South Dakota: Superpower

Mar 28, 2017

The Minuteman Missile National Historic Site is a reminder of the weapons that dotted the West River landscape during the Cold War.

I’m the product of a Cold War childhood. The realization hit me while visiting several Minuteman missile sites scattered around West River. All sorts of memories flooded my mind: duck and cover drills, grade school lectures about Communism, wishing my family had a bomb shelter — not because I feared attack but because entertaining friends in a bomb shelter sounded cool.

And then there was Ann, my neighbor and fourth grade classmate, blonde and remarkably long-armed. What I remember best about Ann is her smiling and kind face, which, for me, was the very face of the Cold War.

Let me explain. Ann’s family, like mine, lived in St. Paul in the early 1960s. My family moved there from Iowa while hers originally hailed from one of the Soviet states. With her long arms, she threw a baseball harder than any other kid I knew, not that she cared about the sport itself or could identify Killebrew from Khrushchev. But she played a good game of catch and her delivery turned my fingers purple through my mitt’s thick leather. I don’t recall her last name or, actually, her first. Ann was short for something she decided her American peers only mangled. Sometimes I saw her around the neighborhood with her father, so I recognized him one winter afternoon as he stepped into a barbershop where I waited my turn. Ann’s father and the barber started needling one another in friendly fashion, something that sounded like a regular routine between them. Americans, I recall Ann’s dad declaring, liked their candies too sweet and their beers too sparkly. And even Minnesotans had no idea what a real winter — a Russian winter — felt like.

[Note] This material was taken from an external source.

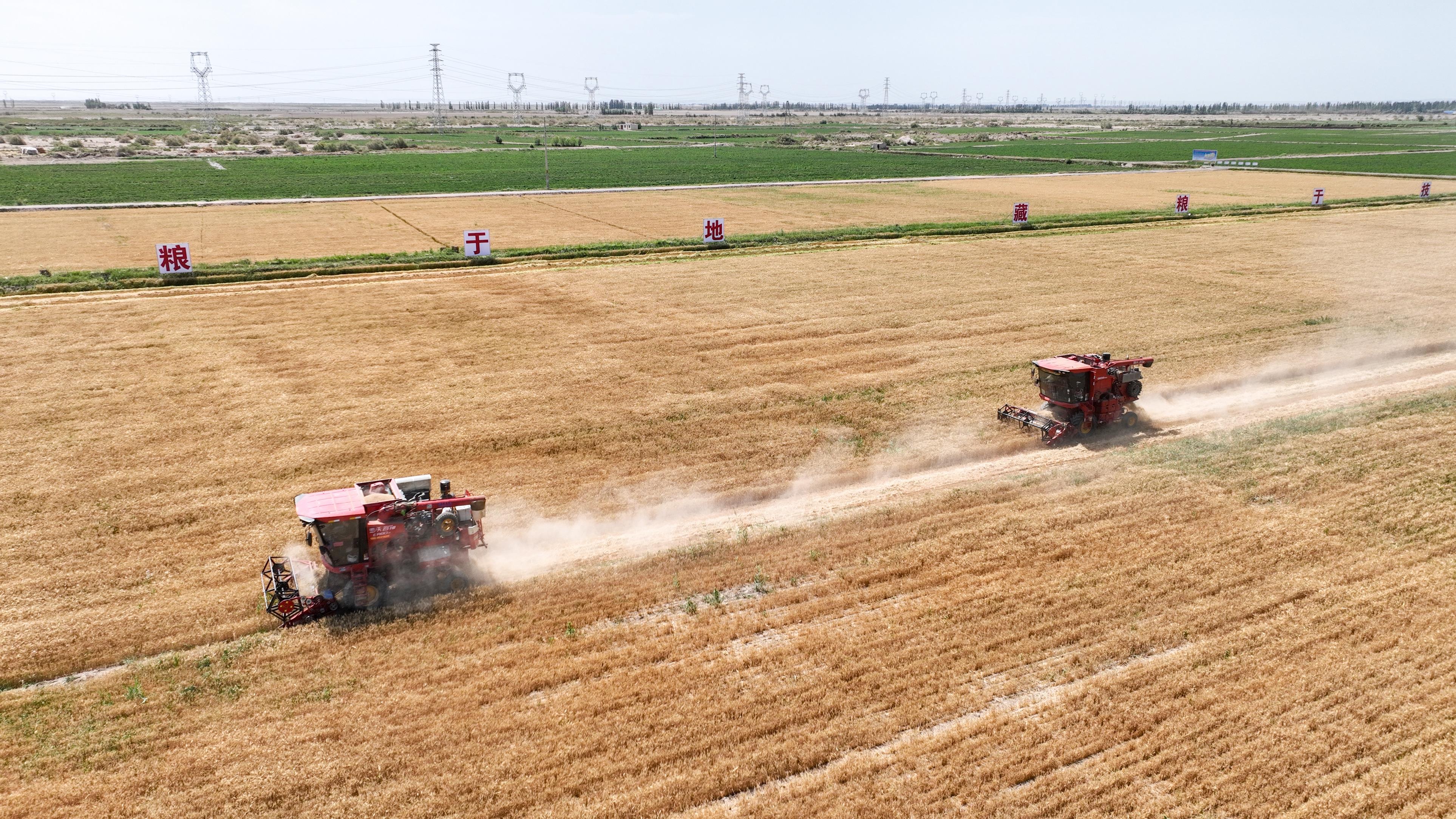 2024年7月10日,在甘肅省酒泉市金塔縣東壩鎮小河口村中度鹽堿耕地綜合治理利用示范點,1000余畝鹽堿地小麥喜獲豐收。

“Soft,” he said. “I hate the Soviet government but I fear America is too soft to resist it. Especially Russian women are tough. They alone could defeat America.”

For a while that remark shaped my thinking of a potential U.S.-Soviet war. I imagined full-grown, strong-armed Anns marching out of the north, scoffing at the Minnesota winter, tossing grenades with tremendous force.

I first heard of the Cold War a couple years earlier when my family still lived in Iowa. From a dark field west of Indianola one night, in the company of several other families, we waited for a freshly launched American satellite to pass over. I think maybe I saw it, but there were lots of twinkling lights up there. The next day my second grade teacher explained why that satellite was important. If the United States fell behind Russia in space and elsewhere, she said, we would end up living under Communism. Many of my classmates were farm kids and this teacher hit a nerve when she defined Communism as a way of life where you might still live and work on a farm, but Mom and Dad wouldn’t own the farm or tractors or crops or livestock. (Though Communism never reached Iowa, I remembered her remarks decades later when I read about Iowa farm families going to work for corporate agricultural operations.)

Not long after we watched the satellite, my family moved to St. Paul, just in time for the Cuban missile crisis and duck-and-cover drills at school. When a drill began, each student was issued a laminated nametag. The lamination, we grade schoolers whispered in awed tones, was so the tags would survive and our charred bones could be identified after a Russian attack. No one hassled Ann about her heritage. She was one of us as she took her tag and ducked and covered out in the school hallway, under the coat racks.

It wasn’t until after my family moved to South Dakota, the very year many of the Minuteman missiles were being lowered into West River silos, that I learned the truth about a potential U.S.-Soviet hot war. There wouldn’t be any grenade-tossing Russian women but instead rockets delivering heat no laminated nametag could survive. And because there were 150 American missiles in western South Dakota each aimed at a Soviet target, we would be hit early. I’d be vaporized before my former St. Paul classmates lined up to duck and cover, and no one, Communist or free, would farm our radioactive fields for a long while.

Strangely, none of that troubled me. Mostly I just put it out of my head as I think most South Dakotans did. Or we joked about our state ranking among the top seven nuclear powers on earth, or took genuine patriotic pride in serving on the front line of an unusual war. And I knew people who adamantly believed living amid missiles was a small price to pay for the dependable, affordable electrical service their maintenance guaranteed. One thing for sure — maybe we liked our candies sweet and our beers sparkly, like other Americans. But living in western South Dakota, where nuclear warheads literally outnumbered towns, we never heard anyone say we weren’t tough.